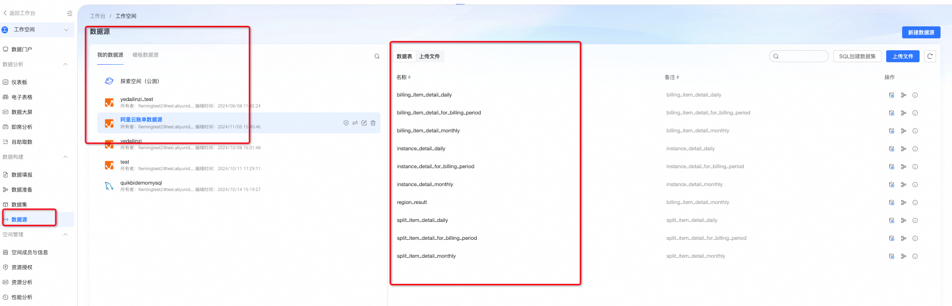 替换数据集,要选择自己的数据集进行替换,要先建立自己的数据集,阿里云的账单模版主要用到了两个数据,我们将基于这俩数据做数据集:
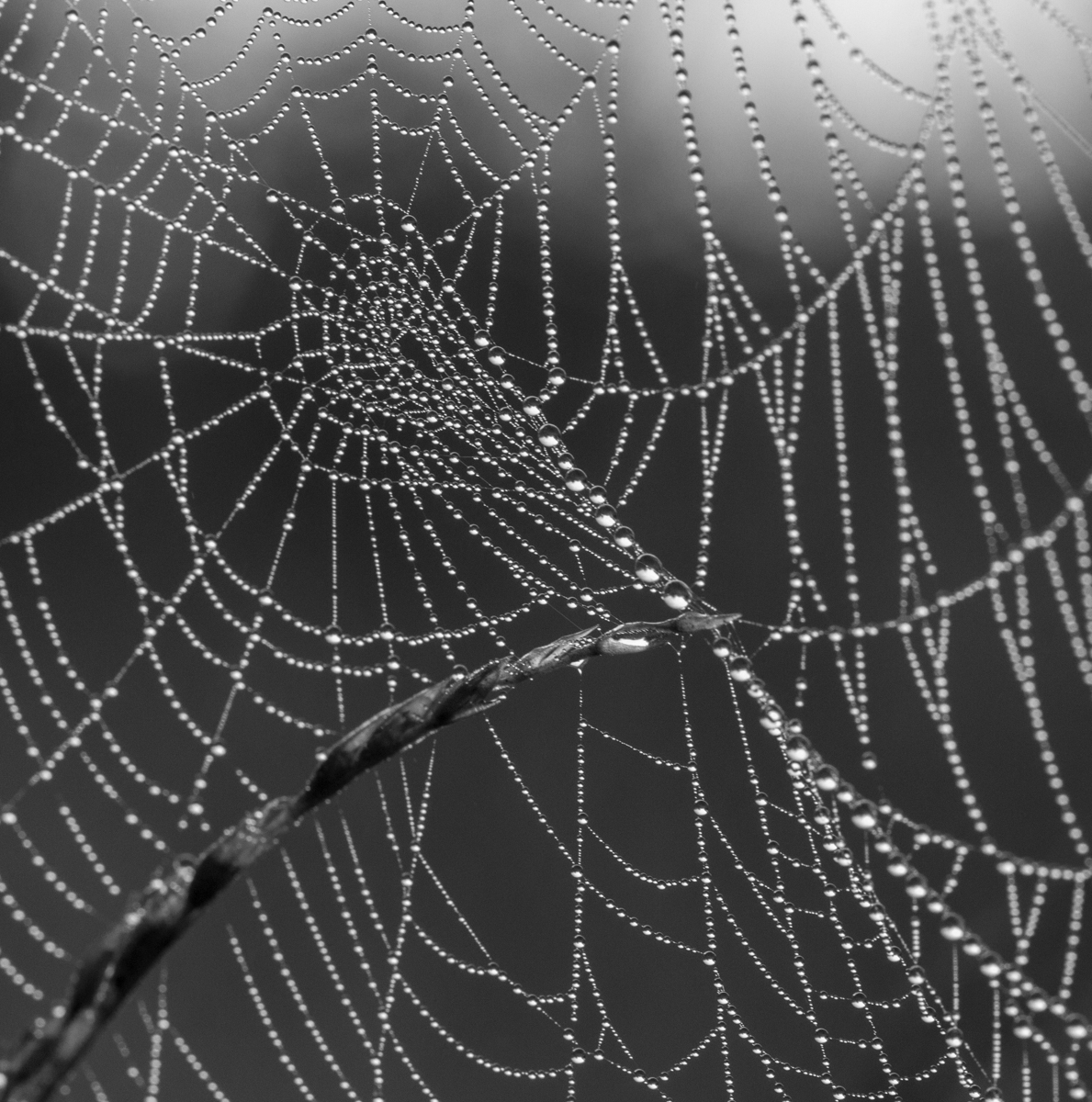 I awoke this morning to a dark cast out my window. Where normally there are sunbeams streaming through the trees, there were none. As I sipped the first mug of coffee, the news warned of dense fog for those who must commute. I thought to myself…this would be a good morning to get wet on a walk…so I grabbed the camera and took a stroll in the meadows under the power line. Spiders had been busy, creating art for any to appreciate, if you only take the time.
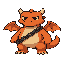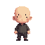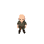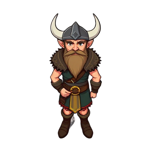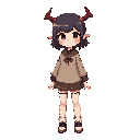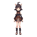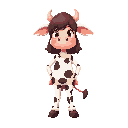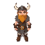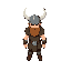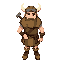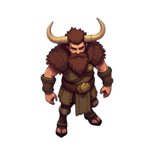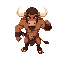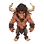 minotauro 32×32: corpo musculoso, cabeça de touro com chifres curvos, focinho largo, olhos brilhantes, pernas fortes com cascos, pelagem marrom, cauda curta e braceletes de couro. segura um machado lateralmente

**Exercise aim:** Please write out all of the data verbatim, with no pictures in the copy.

**Reply:**
 替换数据集,要选择自己的数据集进行替换,要先建立自己的数据集,阿里云的账单模版主要用到了两个数据,我们将基于这俩数据做数据集:
 I awoke this morning to a dark cast out my window. Where normally there are sunbeams streaming through the trees, there were none. As I sipped the first mug of coffee, the news warned of dense fog for those who must commute. I thought to myself…this would be a good morning to get wet on a walk…so I grabbed the camera and took a stroll in the meadows under the power line. Spiders had been busy, creating art for any to appreciate, if you only take the time.
 minotauro 32×32: corpo musculoso, cabeça de touro com chifres curvos, focinho largo, olhos brilhantes, pernas fortes com cascos, pelagem marrom, cauda curta e braceletes de couro. segura um machado lateralmente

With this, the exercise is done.